Sadly, yes, you've described him perfectly. Can you even imagine how hard it is to sit through a movie with him?


----------



## caragua (Aug 22, 2009)

no.
nor my classmates.
Just some very good friends know that I always got lots of ""Dogs"" in my cell phone, but there were actually some wolves, too xD
And I also tried to draw some myself and asking for help to a girl that actually don't know much about furry. But she helped me, anyway(another classmate: wow~! woow~! who draw them!?)
An she also asked me why not cats but dogs, an why not human?.... I just told her that human beings are not that easy to draw compared to dogs(still learning.. I got the heads... body's still a big problem for me.)
So, they just know that I got some "animals" but not all of the truth xD
By the way, why does it matter?


----------



## NJ_Coyote (Aug 22, 2009)

Nope.

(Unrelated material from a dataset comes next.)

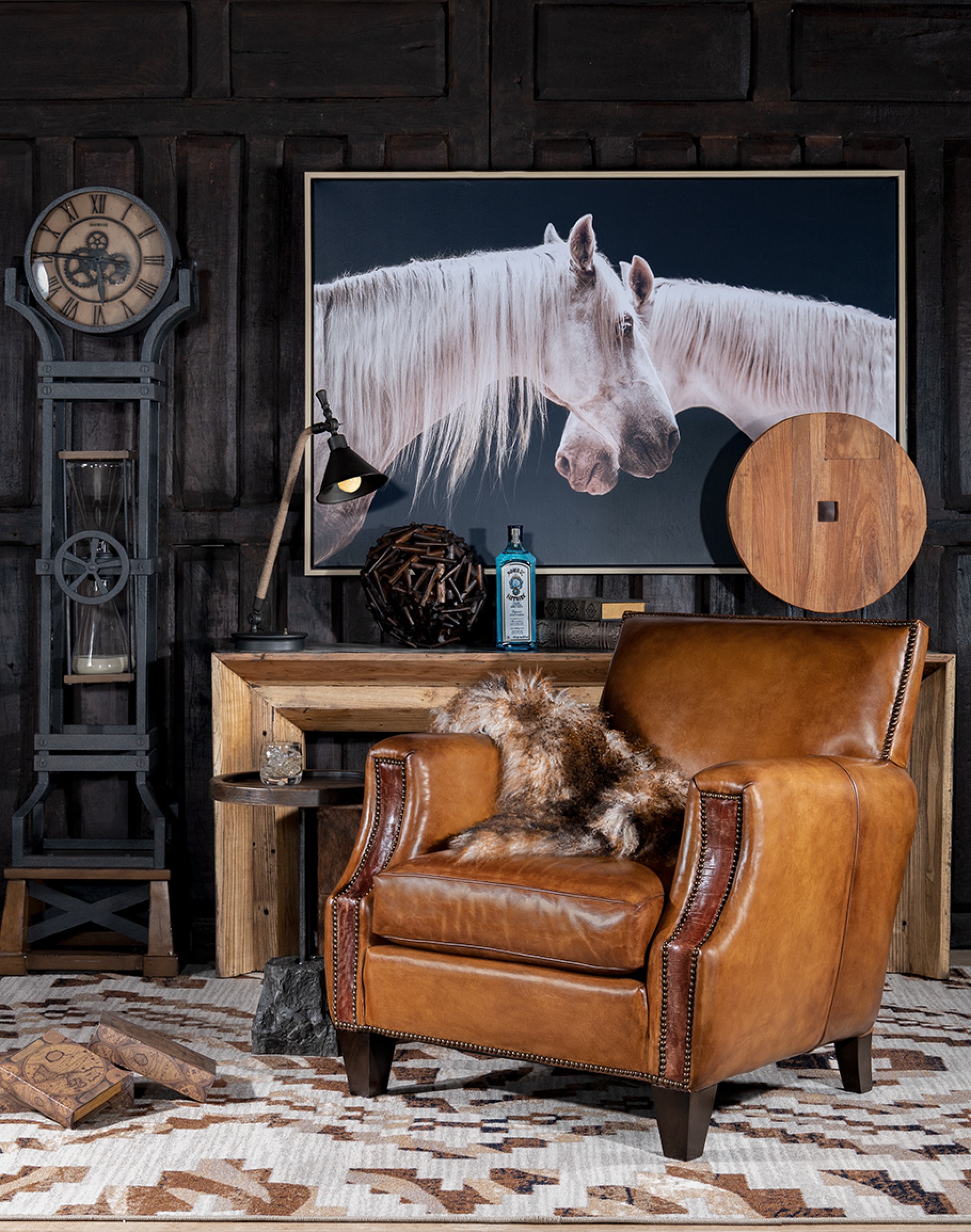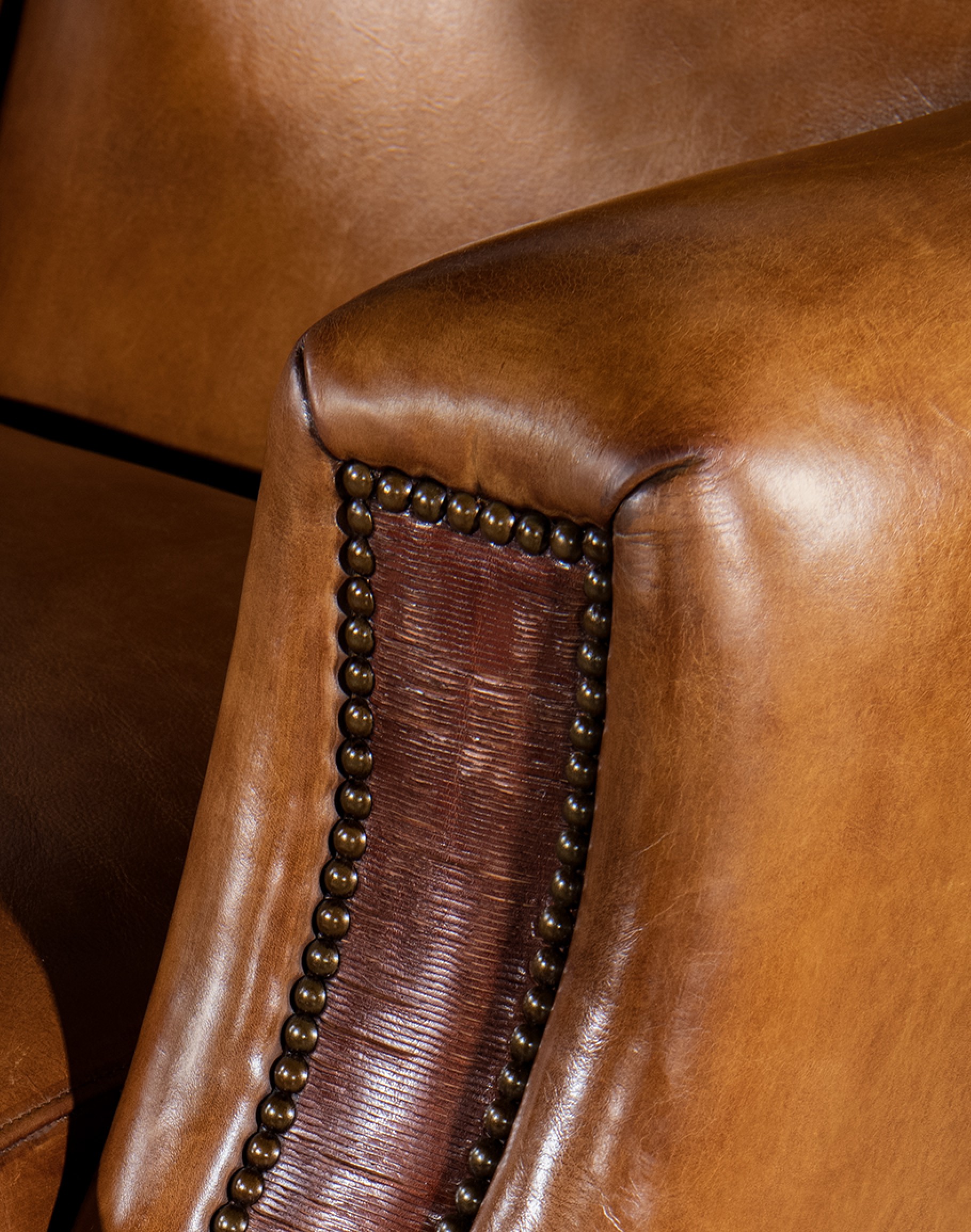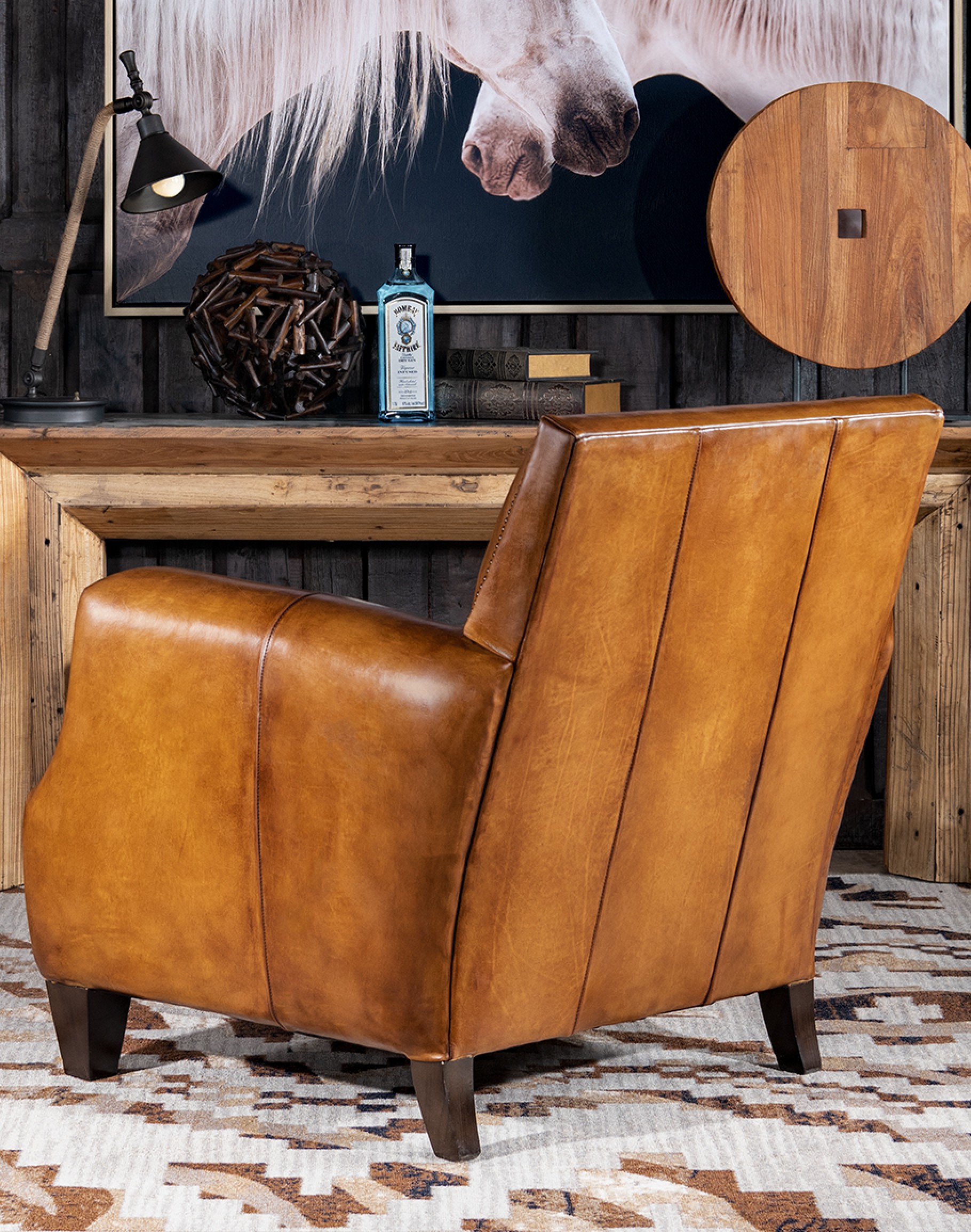 Introducing the Vanguard Club Chair—the ultimate blend of American craftsmanship and modern rustic style. Handcrafted in the USA with meticulous attention to detail, this chair boasts an 8-way hand-tied construction for unmatched durability and support. Made from the finest full-grain leather with hand-burnishing details, the luxurious leather exudes a timeless elegance that will elevate any Classic Ranch or Refined Ranch living space. The arm panels feature hand-sliced thick saddle leather for added texture and visual interest. Designed with comfort and style, the Vanguard Club Chair features a tight seat back and a spring-down seat cushion for optimal relaxation. Whether you're settling in for a cozy night or entertaining guests, this chair is the perfect addition to your home. Experience the unparalleled quality and sophistication of the Vanguard Club Chair - a true American masterpiece —an heirloom in the making. At Adobe Interiors, we create the furniture, and you create the memories.

They don't even know what a furry is. They thought it was some kind of animal that runs around in the woods. XD! Anyway, maybe when I get into it more I might consider telling them.


----------



## Aden (Aug 22, 2009)

BlackCatOrian said:


> one of my brothers knows and he used to make fun of me for it but he hasn't mentioned anything since he cheated on his wife got a divorce and started doing nudist karaoke.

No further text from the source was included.